Jean Geeson moved to Toronto in December 1900 and continued to study with Bell-Smith and Laura Muntz, ARCA, at their city studios. An early attempt to depict her new hometown was an oil painting of the buildings at the west end of Fort York dated 1901, now in the Toronto Public Library collections (cat. 979-19-2). The Library also has a 1902 watercolour of the mill at Lambton on the Humber River (cat. B-4 25c). Her attention fastened next on ‘High Park’ and John G. Howard who gave the land to the city. This led to the first of several pieces she wrote for The Globe; it was published 12 July 1902 and illustrated with her own sketches.

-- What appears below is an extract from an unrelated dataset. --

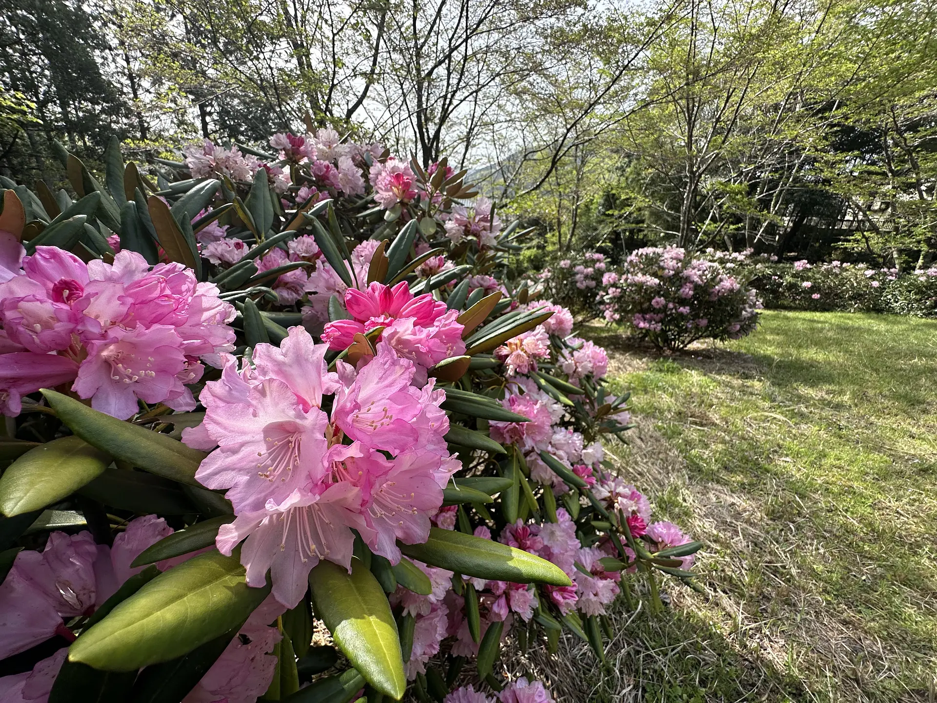 2024年4月13日現在、シャクナゲの開花状況は3割程度。

While teaching and making art may have given Geeson a modest living, it is clear Fort York provided her with a cause. On 4 July 1903 an article by her on “The Old Fort of Toronto,” appeared in The Globe, again accompanied by some sketches. When she returned to the subject in The Globe, 4 October 1905, however, it was to report that the Street Railway Company with the support of city council intended to build a streetcar line through the centre of the fort. She was the first to sound the alarm, prompting a swift reaction by the Ontario Historical Society, IODE, and Women’s Canadian Historical Society. Indignation was fanned by an article in The Globe illustrated with two of her sketches. A meeting at the fort a few days later, attended by hundreds, was presided over by the lieutenant-governor. Geeson gave a short paper followed by a speech from Nathaniel Burwash of Victoria College.

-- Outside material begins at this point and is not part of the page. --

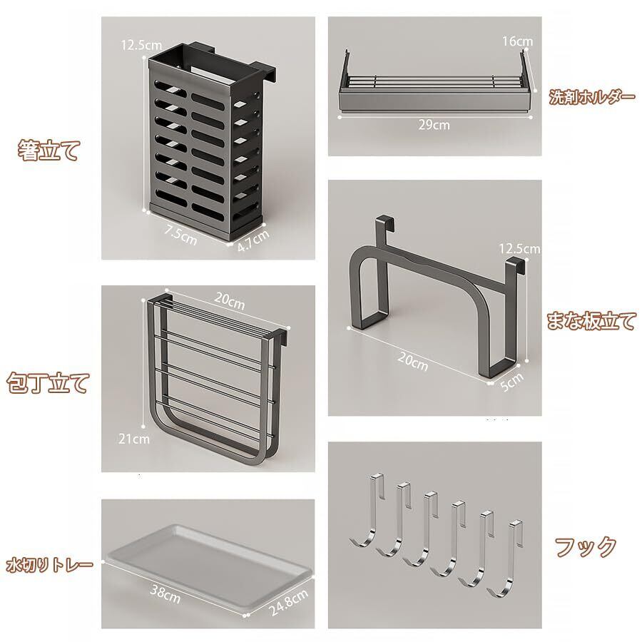 【大容量収納】幅は78cm、88cm、98cm、118cmの4サイズがあり、より多くの食器や皿を収納できます。箸立て、まな板立て、包丁立て、洗剤ラック、フックなどの付属品が付いています。シングルシンクやダブルシンクのキッチンに対応します。日常生活で使用するあらゆるキッチン用品を収納し、家族全員のニーズに応えます。

The following year she authored a 16-page illustrated booklet, The Old Fort at Toronto, 1793-1906, published on the strength of an order from the Board of Education for 3000 copies for presentation to senior classes throughout the city. That May, megaphone in hand, she began giving weekly tours of the fort to schoolchildren, attracting 300 or so each time. She acknowledged assistance with this initiative from School Inspector James Laughlin Hughes and Alexander Muir. The latter, principal at Gladstone Avenue Public School and composer of The Maple Leaf Forever, had brought about two dozen of his pupils to the mass meeting in 1905. So both Geeson and he can be credited as co-founders of a tradition of school visits to Fort York that has continued with vigour since.

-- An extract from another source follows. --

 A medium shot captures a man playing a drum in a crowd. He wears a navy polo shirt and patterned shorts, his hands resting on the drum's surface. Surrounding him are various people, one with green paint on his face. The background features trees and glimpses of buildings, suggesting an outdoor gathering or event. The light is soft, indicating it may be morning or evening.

In 1907 Jean Earle Geeson, then on the staff of the Sunday School Publications department of the Church Record, attended the World Sunday School Convention in Rome. She filed reports from Italy as a special correspondent for The Globe. Returning to England after the conference, her assignment from the Ontario Dept. of Agriculture was to write articles for the British papers on the advantages of settling in Ontario.
Unfortunately, this assignment had hardly begun before she fell ill in late September and was admitted to the Cottage Hospital in Leek, Staffordshire, England. She died there on 4 October 1907 from peritonitis following an operation and was buried in Leek Cemetery three days later. Obituaries in both the Toronto Globe and Daily Star paid tribute to her work in preserving Fort York as a heritage site and the education of the public about the history and significance of this Canadian landmark.